Problem description: Exclude all pictures from your copy of the data below, which should otherwise match exactly.

Data below:
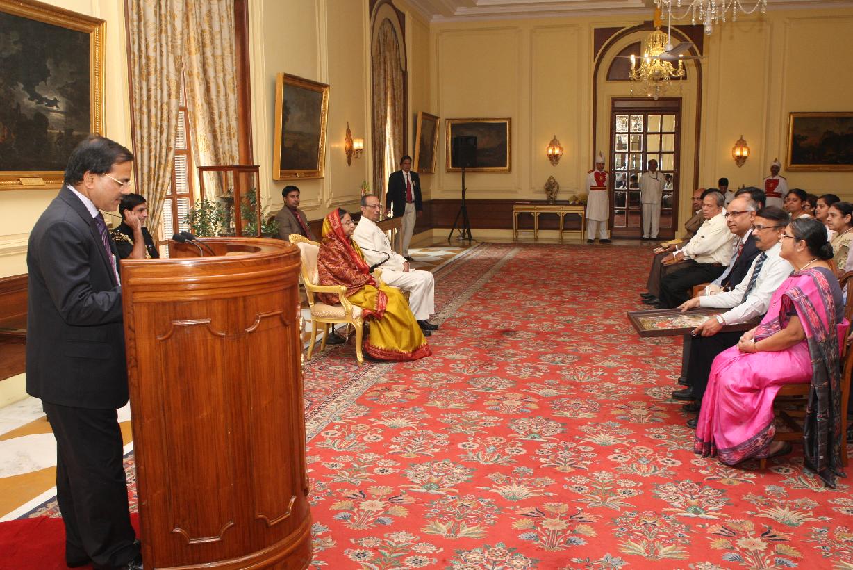 | Caption: | The President of India, Smt Pratibha Patil interacting with Dr Ramesh Godbole and others at Rashtrapati Bhavan in New Delhi on Nov 09, 2011 |
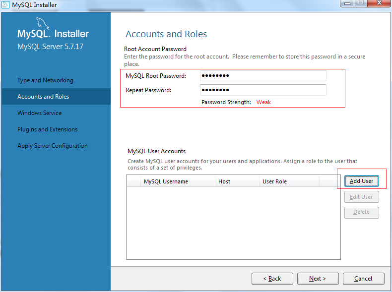7、下一步,设置数据库密码,重复一次,这个密码是root用户的密码,超级管理员。
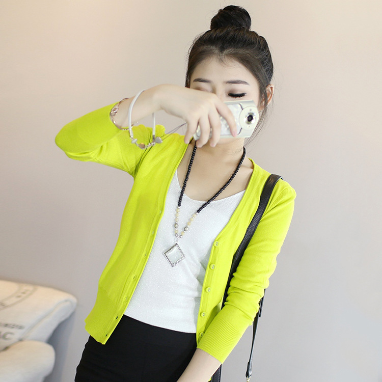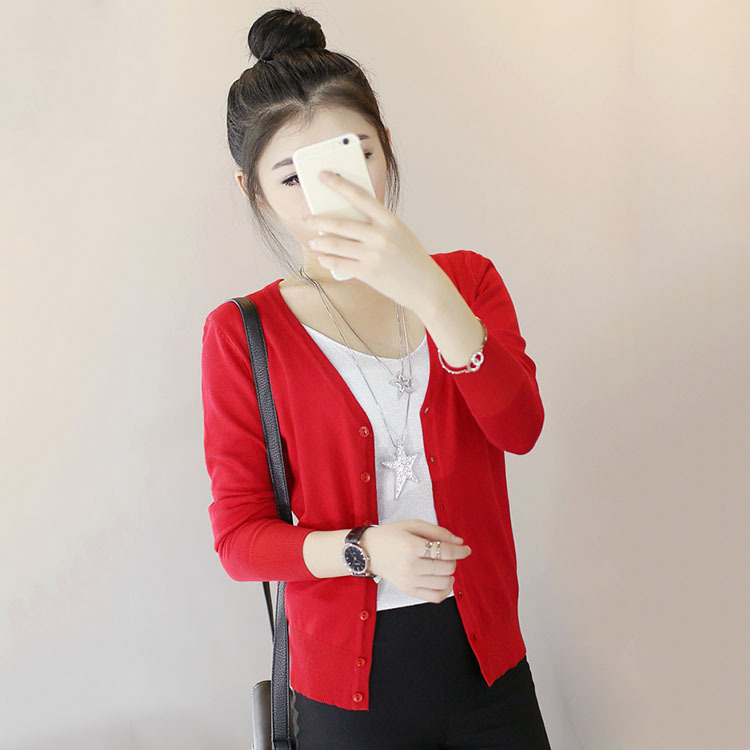 時尚女裝韓版秋冬長袖開衫V領(lǐng)外套 多色可選修身短款女式針織衫 /
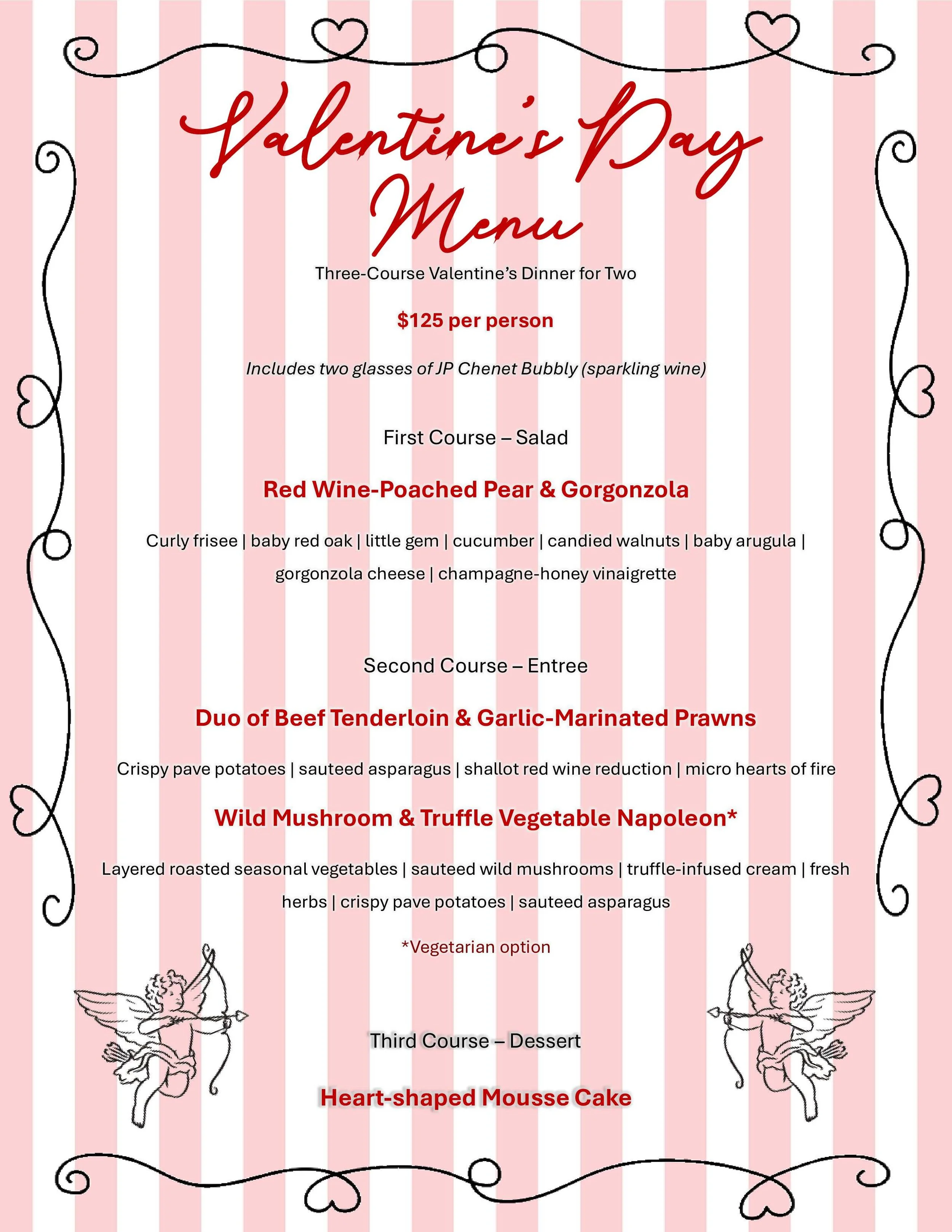 For Valentine’s Day, aside from our regular menu, we will be offering a prix fixe dinner option. We invite you and your valentine for a night of delicious food and wine.

Solution for this task:
 | Caption: | The President of India, Smt Pratibha Patil interacting with Dr Ramesh Godbole and others at Rashtrapati Bhavan in New Delhi on Nov 09, 2011 |
7、下一步,设置数据库密码,重复一次,这个密码是root用户的密码,超级管理员。
 時尚女裝韓版秋冬長袖開衫V領(lǐng)外套 多色可選修身短款女式針織衫 /
 For Valentine’s Day, aside from our regular menu, we will be offering a prix fixe dinner option. We invite you and your valentine for a night of delicious food and wine.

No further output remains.